Dataset entries Block Start

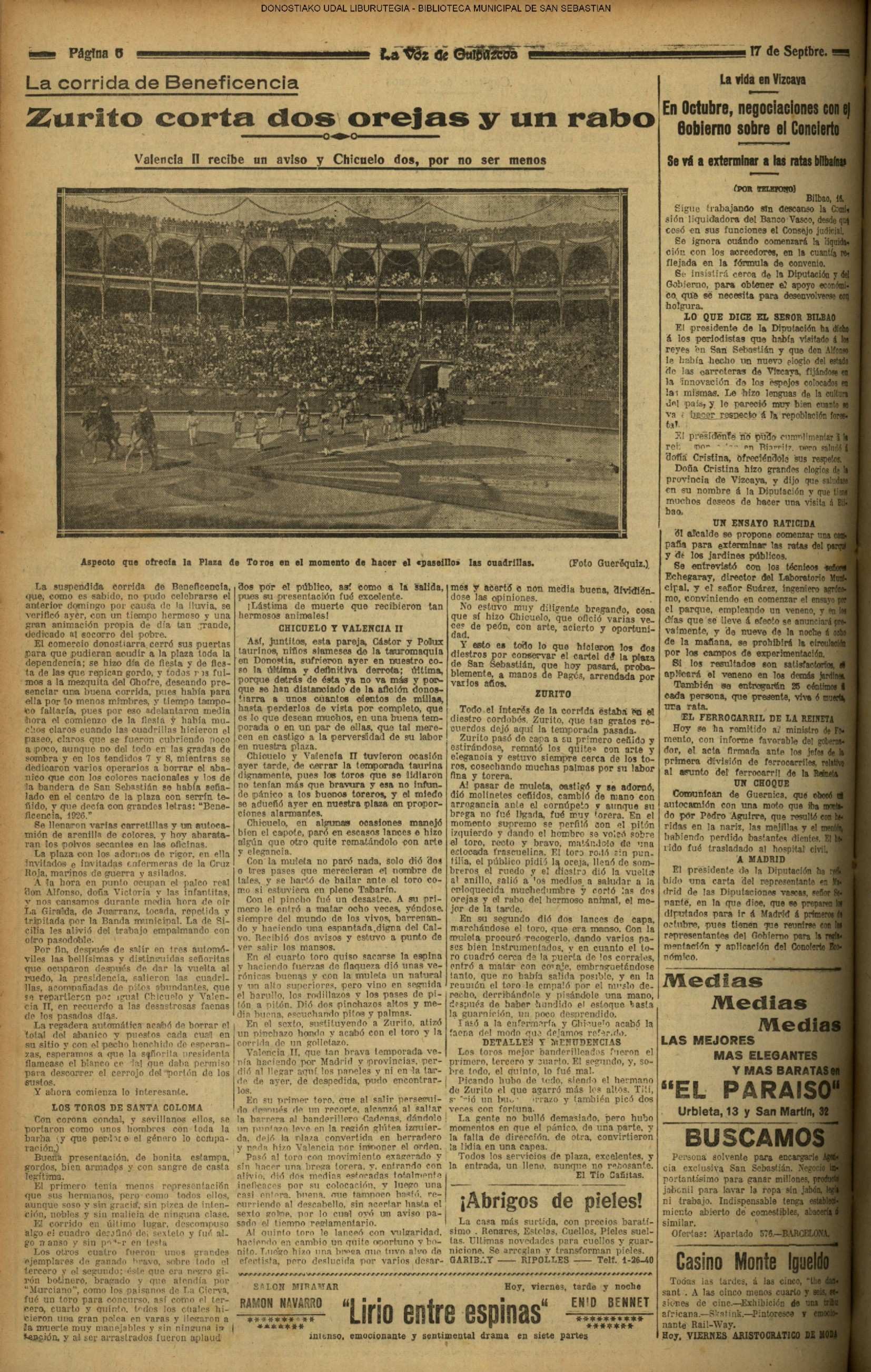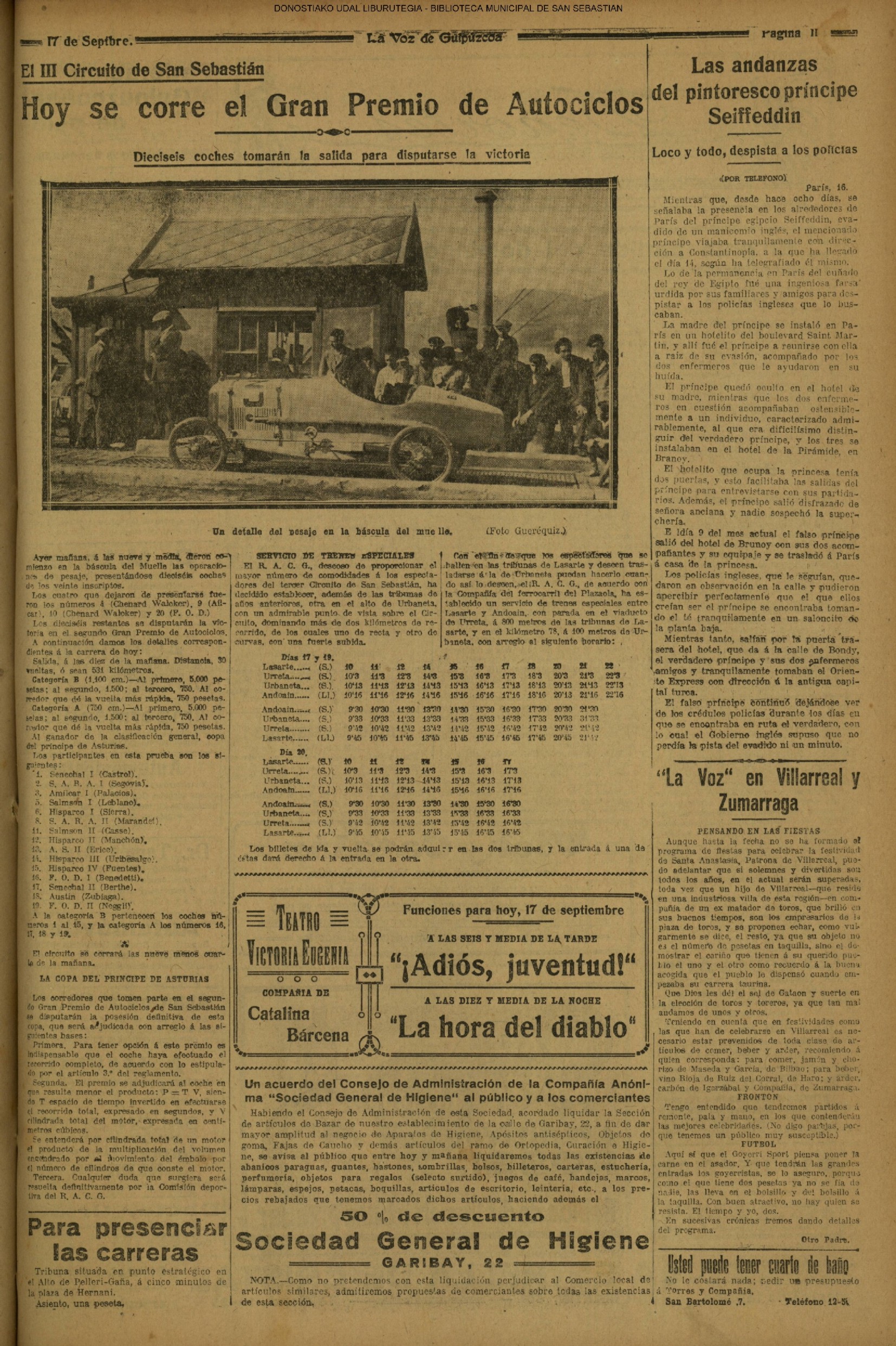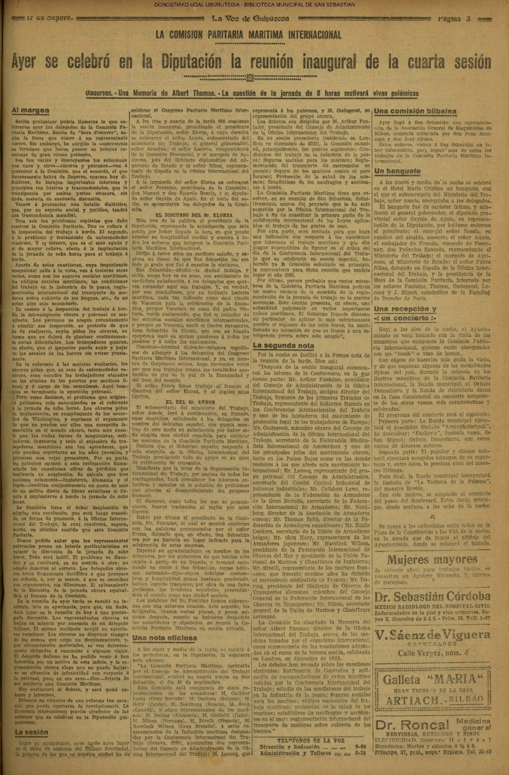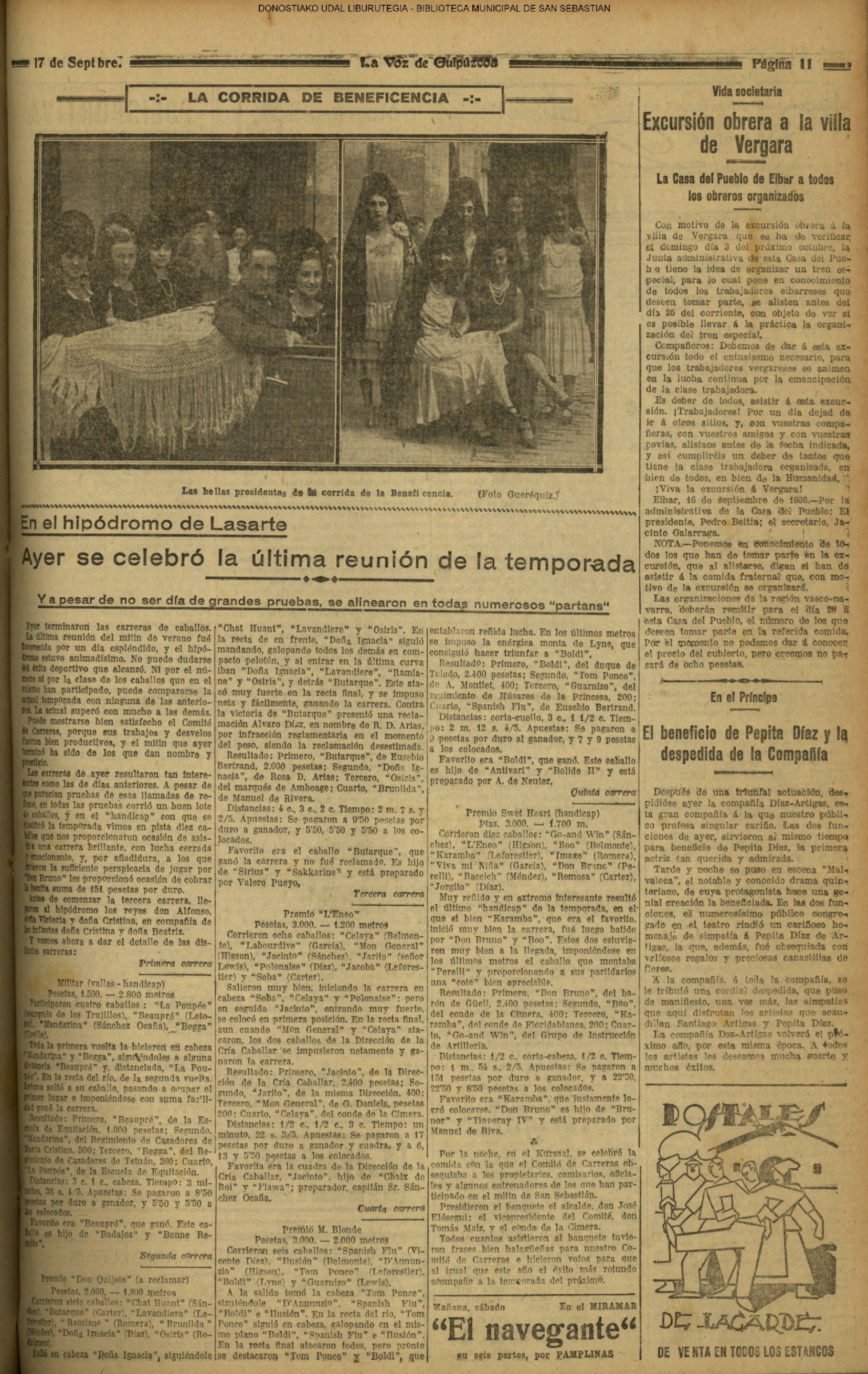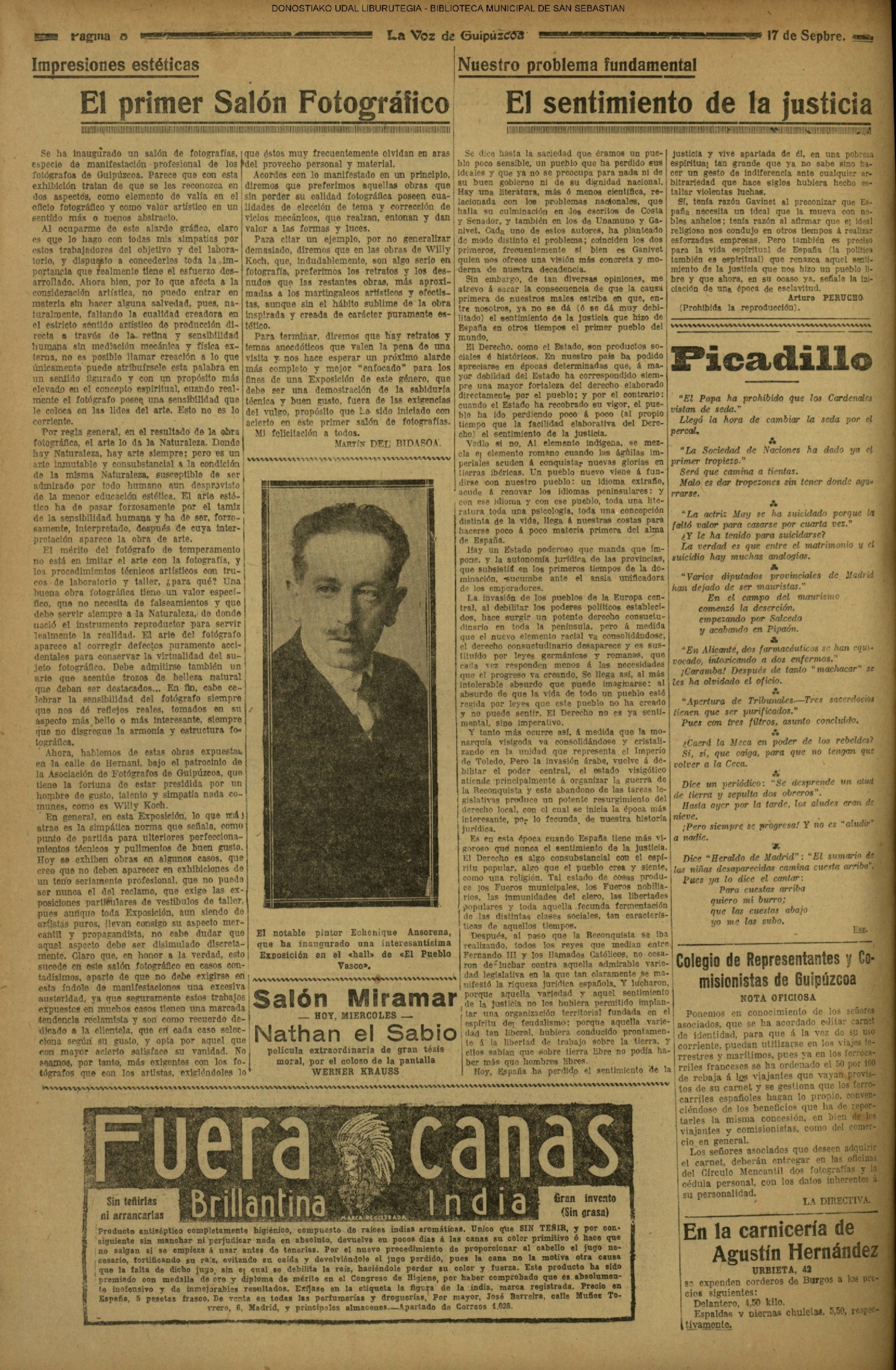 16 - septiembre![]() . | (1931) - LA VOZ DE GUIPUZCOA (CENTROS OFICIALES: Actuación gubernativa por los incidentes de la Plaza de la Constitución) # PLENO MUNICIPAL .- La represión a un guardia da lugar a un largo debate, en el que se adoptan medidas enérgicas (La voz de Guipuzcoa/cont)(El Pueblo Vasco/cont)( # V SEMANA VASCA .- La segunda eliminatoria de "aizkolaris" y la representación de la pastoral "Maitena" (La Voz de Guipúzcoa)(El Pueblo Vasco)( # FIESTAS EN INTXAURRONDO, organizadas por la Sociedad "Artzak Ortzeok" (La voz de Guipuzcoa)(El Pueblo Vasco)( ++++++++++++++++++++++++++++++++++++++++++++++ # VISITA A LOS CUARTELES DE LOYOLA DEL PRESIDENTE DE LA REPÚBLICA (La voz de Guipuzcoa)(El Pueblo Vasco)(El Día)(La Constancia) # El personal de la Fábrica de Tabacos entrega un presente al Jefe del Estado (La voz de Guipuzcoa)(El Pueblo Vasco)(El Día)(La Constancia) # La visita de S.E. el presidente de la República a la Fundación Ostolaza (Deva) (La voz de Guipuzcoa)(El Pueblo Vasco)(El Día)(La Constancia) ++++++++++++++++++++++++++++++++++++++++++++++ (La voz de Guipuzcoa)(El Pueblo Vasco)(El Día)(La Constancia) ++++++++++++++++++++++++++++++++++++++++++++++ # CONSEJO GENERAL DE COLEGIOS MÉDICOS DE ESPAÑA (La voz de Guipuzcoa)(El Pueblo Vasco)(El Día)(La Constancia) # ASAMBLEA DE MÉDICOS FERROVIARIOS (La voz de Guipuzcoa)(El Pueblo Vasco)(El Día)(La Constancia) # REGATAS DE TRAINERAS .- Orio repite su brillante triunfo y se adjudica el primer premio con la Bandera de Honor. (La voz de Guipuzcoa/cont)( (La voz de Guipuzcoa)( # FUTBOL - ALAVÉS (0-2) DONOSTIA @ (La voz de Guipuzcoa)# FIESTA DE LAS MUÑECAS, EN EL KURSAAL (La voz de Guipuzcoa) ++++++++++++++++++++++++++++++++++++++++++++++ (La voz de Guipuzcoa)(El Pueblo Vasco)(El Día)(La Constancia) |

Dataset entries Block End
Dataset entries Block Start

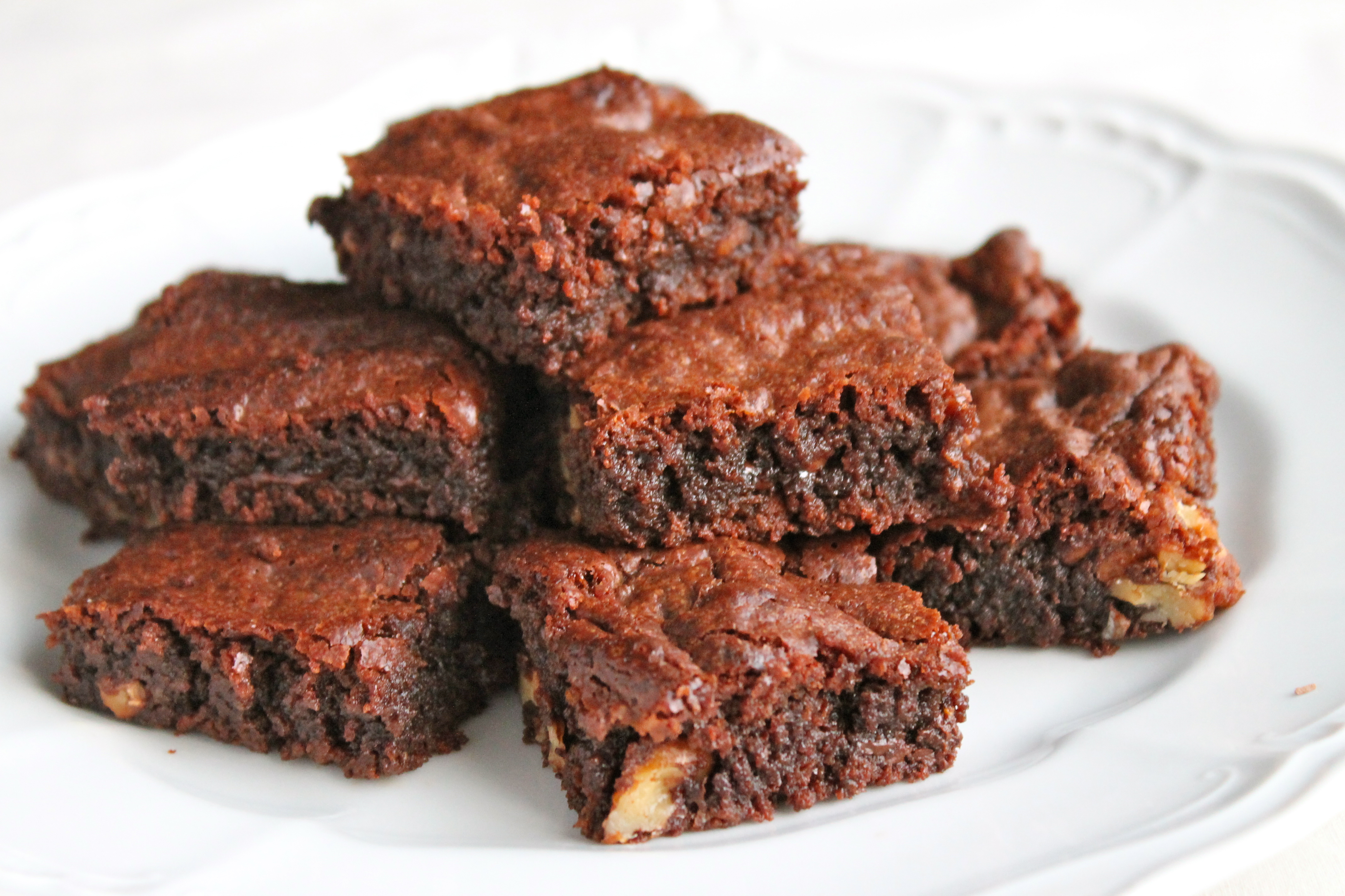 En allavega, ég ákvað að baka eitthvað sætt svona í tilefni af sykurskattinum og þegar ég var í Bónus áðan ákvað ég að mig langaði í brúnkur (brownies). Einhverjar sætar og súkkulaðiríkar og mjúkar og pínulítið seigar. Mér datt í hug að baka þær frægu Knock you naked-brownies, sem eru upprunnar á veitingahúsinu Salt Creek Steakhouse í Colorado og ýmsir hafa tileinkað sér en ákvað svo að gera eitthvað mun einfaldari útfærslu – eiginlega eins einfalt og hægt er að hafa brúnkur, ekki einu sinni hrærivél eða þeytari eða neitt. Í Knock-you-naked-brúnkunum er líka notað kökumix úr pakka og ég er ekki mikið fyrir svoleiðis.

Dataset entries Block End
Dataset entries Block Start

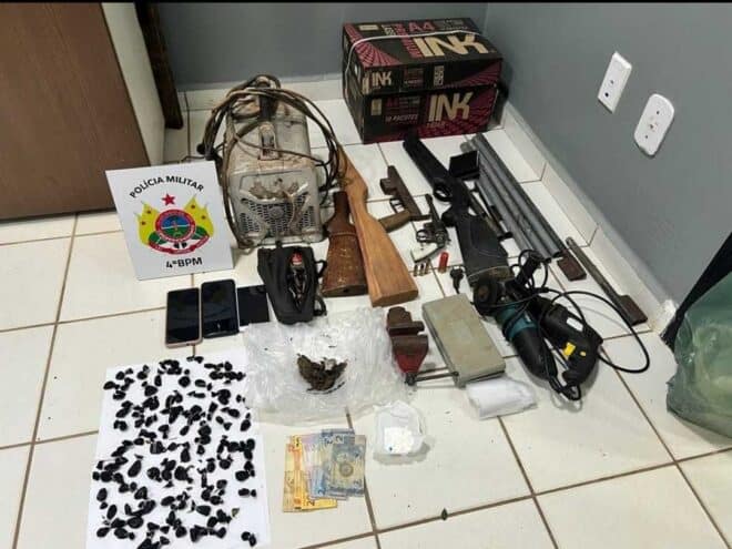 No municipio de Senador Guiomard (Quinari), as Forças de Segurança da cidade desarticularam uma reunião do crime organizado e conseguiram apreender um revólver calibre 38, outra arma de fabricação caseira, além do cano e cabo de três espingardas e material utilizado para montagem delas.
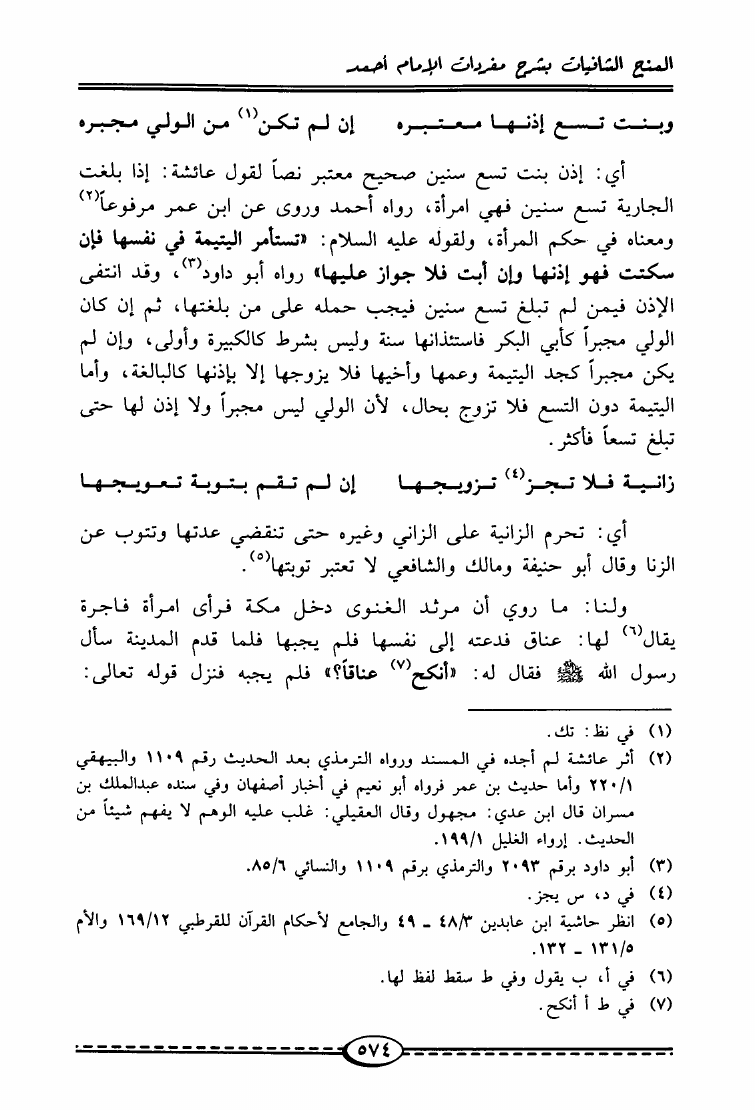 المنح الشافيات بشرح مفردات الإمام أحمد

Dataset entries Block End

◆ **Your assignment**: Which part of the entries opens with the line containing "No municipio de" and closes with the line containing "المنح الشافيات بشرح مفردات الإمام أحمد"? Output that part exactly, ends included, pictures excluded.

◆ **Reply**:
 No municipio de Senador Guiomard (Quinari), as Forças de Segurança da cidade desarticularam uma reunião do crime organizado e conseguiram apreender um revólver calibre 38, outra arma de fabricação caseira, além do cano e cabo de três espingardas e material utilizado para montagem delas.
 المنح الشافيات بشرح مفردات الإمام أحمد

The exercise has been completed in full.